Multilingual Entity Spelling Variants as Linked Data on the EU’s Open Data Portal
Keynote Guillaume Jacquet
The European Commission’s Joint Research Centre (JRC) has been analysing the online version of printed media in over twenty languages since 2004 and has automatically recognised and collected large amounts of ‘named entities’ (names of persons, organisations and more) and their many spelling variants, including across different languages and scripts. By semi-automatically mining Wikipedia, this collection was extended so that it covers up to hundreds of spelling variants for the same name, all occurring in real-life text. These named entity spelling variant lists, known as JRC-Names, have been available for download since 2011. In this talk, we report our efforts to render JRC-Names as linked data. This LOD version goes beyond the initial data release in that it now includes lists of titles found next to the names, as well as date ranges when the titles and the name variants were found. It also provides links towards existing datasets including DBpedia and Talk-Of-Europe datasets. We use the lexicon model for ontologies lemon to represent and interlink the name variants, their titles and their equivalent data point in DBpedia.
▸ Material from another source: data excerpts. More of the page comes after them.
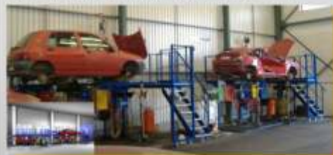
Estação SEDA DOUBLE STATION capacidade para 100 viaturas/dia (CARREGADO - BATISTAS, SA)
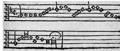
Abb. 4: Die zehen gebot nach Maler: ErfM 1524, Faks.1848, Bl. A2r (vgl. Anm. 11).

Bei Maler befindet sich der C-Schlüssel nicht auf der vierten, sondern auf der dritten Linie, und das in der ersten Zeile korrekt (zum Schlüssel auf der vierten Linie) gesetzte b fehlt am Anfang der zweiten Notenzeile. 8
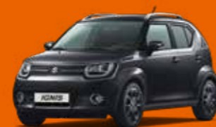
SUPER BLACK PEARL MÉTALLISÉE
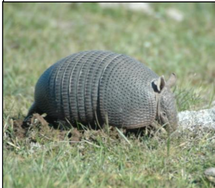
MULITA Dasypus hybridus
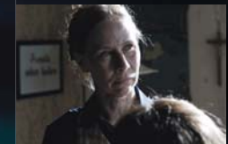
Tyynne (Kati Outinen, s. 17.8. 1961)

This LOD version of JRC-Names can help bridge the gap between structured data repositories and multilingual text written in natural languages, thus supporting large-scale data integration, web-based content processing and cross-lingual mapping. JRC-Names is publicly available in the dataset catalogue of the European Union’s Open Data Portal.
Guillaume Jacquet is a research scientist in Natural Language Processing. He currently works at the Joint Research Centre (JRC) of the European Commission, in the Institute for the Protection and Security of the Citizen (Ispra, Italy). He is the Scientific Project Officer of the European Media Monitor (EMM) team, which aims to develop innovative solutions for retrieving and extracting information from the internet, and especially from online news and social media, serving many Commission Services, EU agencies and some EU Member State authorities. His current research interests include:
– Developing and improving NLP tools to structure and analyse the news.
– Multilingual Named Entity Guessing: new/unknown Named Entity detection.
– Acronym resolution: linking short and long forms related to the same entity in a multilingual environment.
– Developing and integrating Linked Open Data in the existing NLP tools.